--- Source data Enclosed Below ---
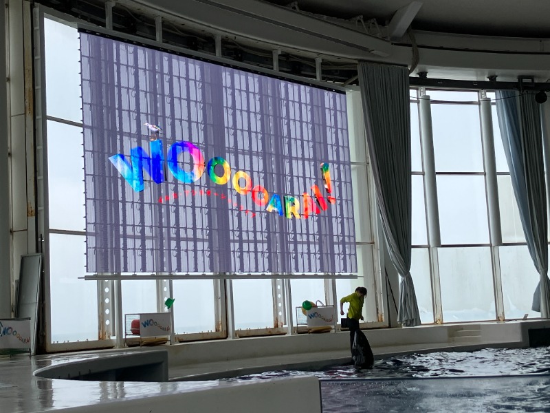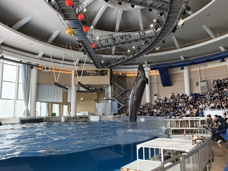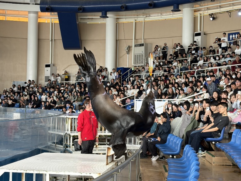 イルカ アシカのショーで前方に座っていれば水飛沫で濡れる的な
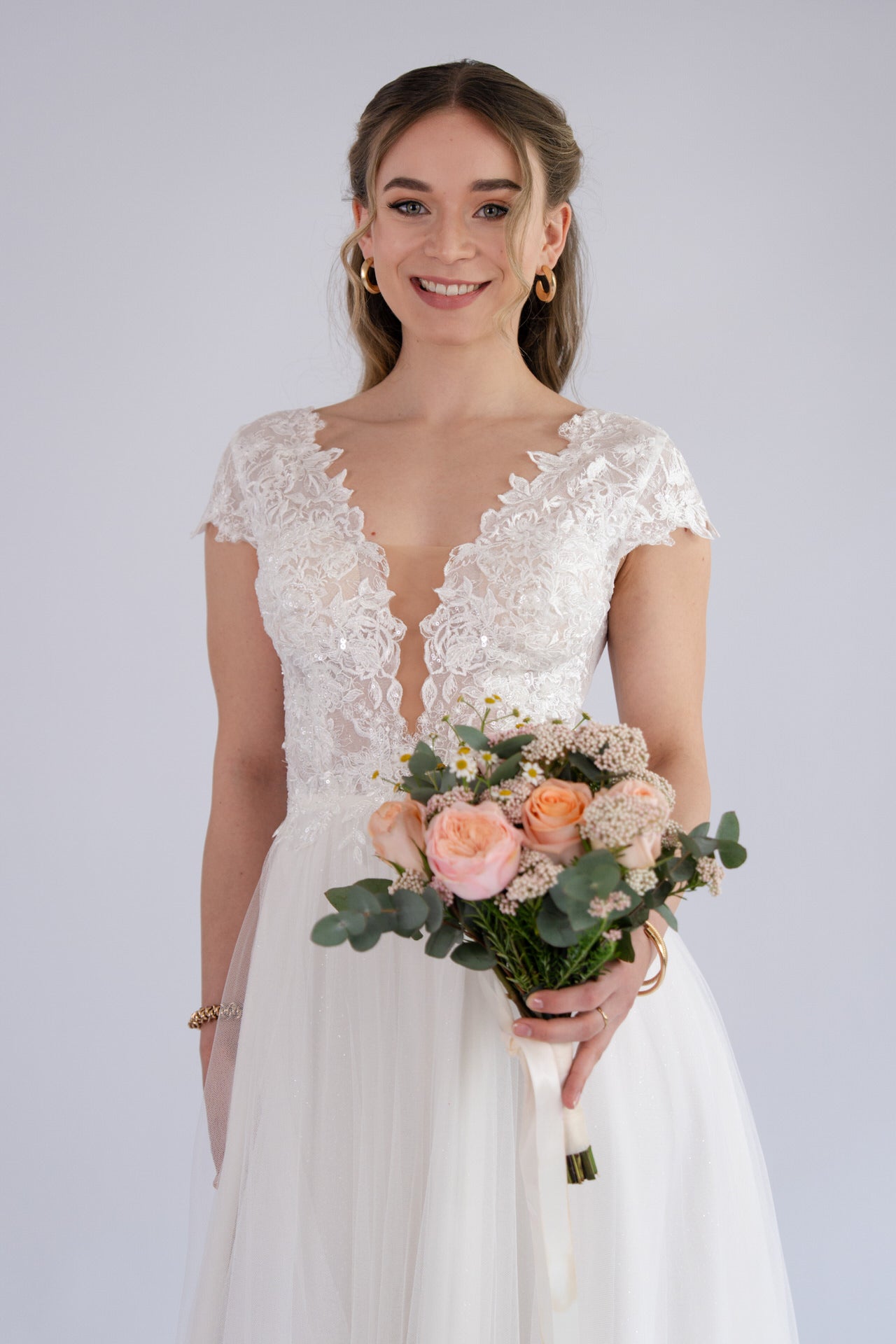 bridalicious bietet Hochzeitskleider, 2-Teiler sowie Accessoires an.
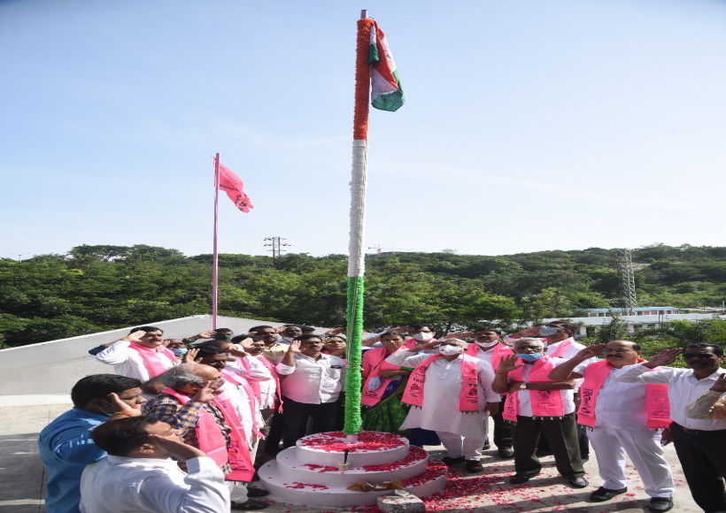 टीआरएस महासचिव के. केशव राव ने पार्टी मुख्यालय तेलंगाना भवन में राष्ट्रीय ध्वज फहराकर समारोह का नेतृत्व किया।
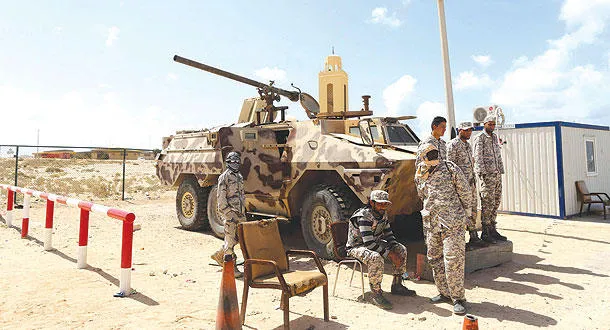 نقطة أمنية لحراسة بئر نفطي في الزويتنية أمس (رويترز)
--- End of Enclosed Source data ---
- [What you need to do]
Output the material verbatim, skipping the images.

- [Written solution]
 イルカ アシカのショーで前方に座っていれば水飛沫で濡れる的な
 bridalicious bietet Hochzeitskleider, 2-Teiler sowie Accessoires an.
 टीआरएस महासचिव के. केशव राव ने पार्टी मुख्यालय तेलंगाना भवन में राष्ट्रीय ध्वज फहराकर समारोह का नेतृत्व किया।
 نقطة أمنية لحراسة بئر نفطي في الزويتنية أمس (رويترز)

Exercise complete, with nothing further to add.